Contact hole, 19: one electrode of capacitor, 20: insulating film, 21: other electrode of capacitor, 22: contact hole
, 23 ... electrode for taking out data wire, 24 ... contact hole
25, data line.

Claims (1)

(57) [Claims] Forming a gate electrode of a selection transistor made of a conductive member of a first layer on a semiconductor substrate of a first conductivity type via a first insulating film; and forming a gate electrode in the substrate by using the gate electrode. Forming a source and drain region of a selection transistor composed of a second conductivity type semiconductor region in a self-aligned manner, and depositing a second insulation film over the entire surface; Forming a first opening communicating with the surface of the source region of the transistor, depositing a second layer of conductive member over the entire surface, and patterning the second layer of the conductive member to form the source; Connected to the surface of the area and partially up
Forming one electrode of a data storage capacitor extending over the gate electrode; and depositing a third insulating film on the entire surface, and then depositing a third-layer conductive member. Patterning a conductive member to extend over the gate electrode;
-On and between one electrode of the storage capacitor
The side surface of the drain region and the gate electrode
The above shape has a shape that continuously covers the side surface on the rain area side.

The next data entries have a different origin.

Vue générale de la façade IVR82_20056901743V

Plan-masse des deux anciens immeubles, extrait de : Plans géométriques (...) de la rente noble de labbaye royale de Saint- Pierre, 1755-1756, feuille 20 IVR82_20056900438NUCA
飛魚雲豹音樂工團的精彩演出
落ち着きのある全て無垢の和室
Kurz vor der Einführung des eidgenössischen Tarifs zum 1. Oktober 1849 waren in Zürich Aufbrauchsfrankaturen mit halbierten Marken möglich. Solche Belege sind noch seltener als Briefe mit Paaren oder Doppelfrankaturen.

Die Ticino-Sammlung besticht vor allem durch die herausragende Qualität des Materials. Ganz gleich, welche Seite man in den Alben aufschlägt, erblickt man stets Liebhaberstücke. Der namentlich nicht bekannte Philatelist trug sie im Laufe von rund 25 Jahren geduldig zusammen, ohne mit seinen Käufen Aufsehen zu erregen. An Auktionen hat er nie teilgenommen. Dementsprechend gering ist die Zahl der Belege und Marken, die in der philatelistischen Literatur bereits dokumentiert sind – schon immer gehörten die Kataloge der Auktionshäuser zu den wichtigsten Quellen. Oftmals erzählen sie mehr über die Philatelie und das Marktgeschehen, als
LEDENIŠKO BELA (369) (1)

- forming a second electrode of the data storage capacitor, all
After depositing a fourth insulating film on the surface, the second
Forming a second opening communicating with the surface of the drain region by selectively removing the insulating film and the fourth insulating film, the
After depositing the four layers of conductive members, the conductive parts of this fourth layer
The material is patterned and partially over the fourth insulating film.

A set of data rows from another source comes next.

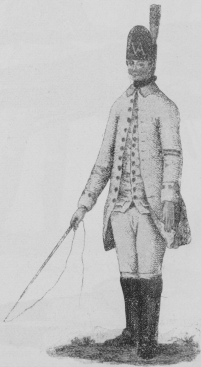
Szekeresz a XVIII-ik században.

Összes fegyvernembeli tisztjeink e korban, teljesen francia módra öltözködnek háromszögletű kalappal. Jelvényük a pálcza, fegyverük a vékony spádé s a gyalogsági tisztek díszfegyvere az alabárd-serű partisane.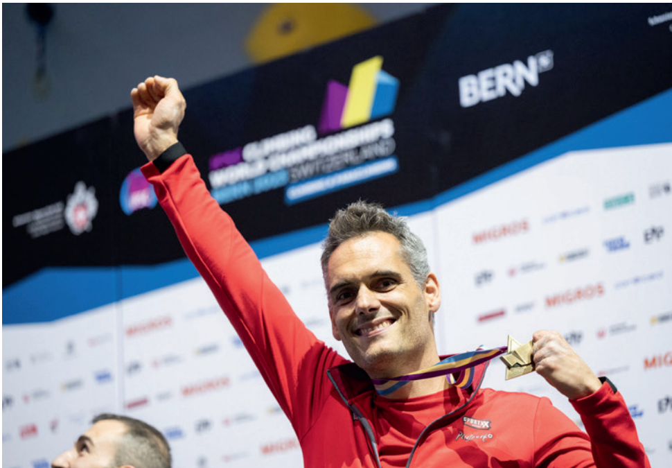
Weltmeisterschaften in Bern, 2023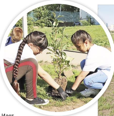
Идет благоустройство: дети сажают кусты сирени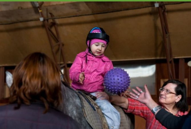
Иппотерапия и Лечебная Верховая Езда (ЛВЕ)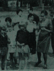
Przed domem PTT-K w Augustowie.

Swidrowanie wyczerpienia zostały w terminie usunięte. Ogólna wartość zrealizowanych poleceń, nie licząc prac wykonanych w czasie spotkań, wynosi 315 tys. zł. (gen)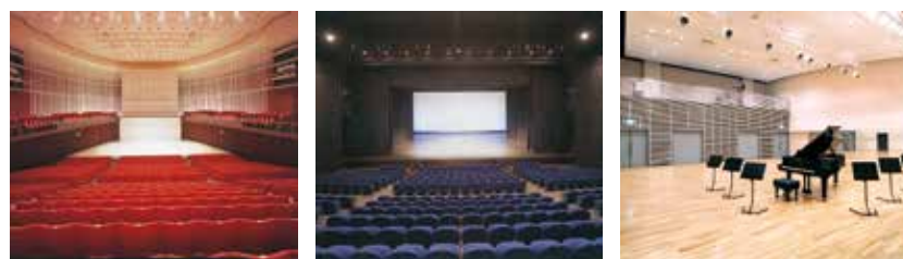
コンサートホール シアター 第1スタジオ

信濃川を望む長岡の文化情報の発信地・千秋が原ふるさとの森。その一角に、平成8年に誕生したのが長岡リリックホールです。ここでは、地域に根づいた文化活動の「創造の場」「発表の場」。長岡という地域の特性を生かした創造的な事業が展開される芸術・文化の拠点です。

So that it overlaps with the other electrode of the data storage capacitor
Method of manufacturing a semiconductor memory device being characterized in that comprising a step of forming a surface with a drain connected extraction electrode of the drain region. 2. 2. The method according to claim 1, wherein a physical height of an uppermost layer of the drain extraction electrode is higher than that of the other electrode of the data storage capacitor.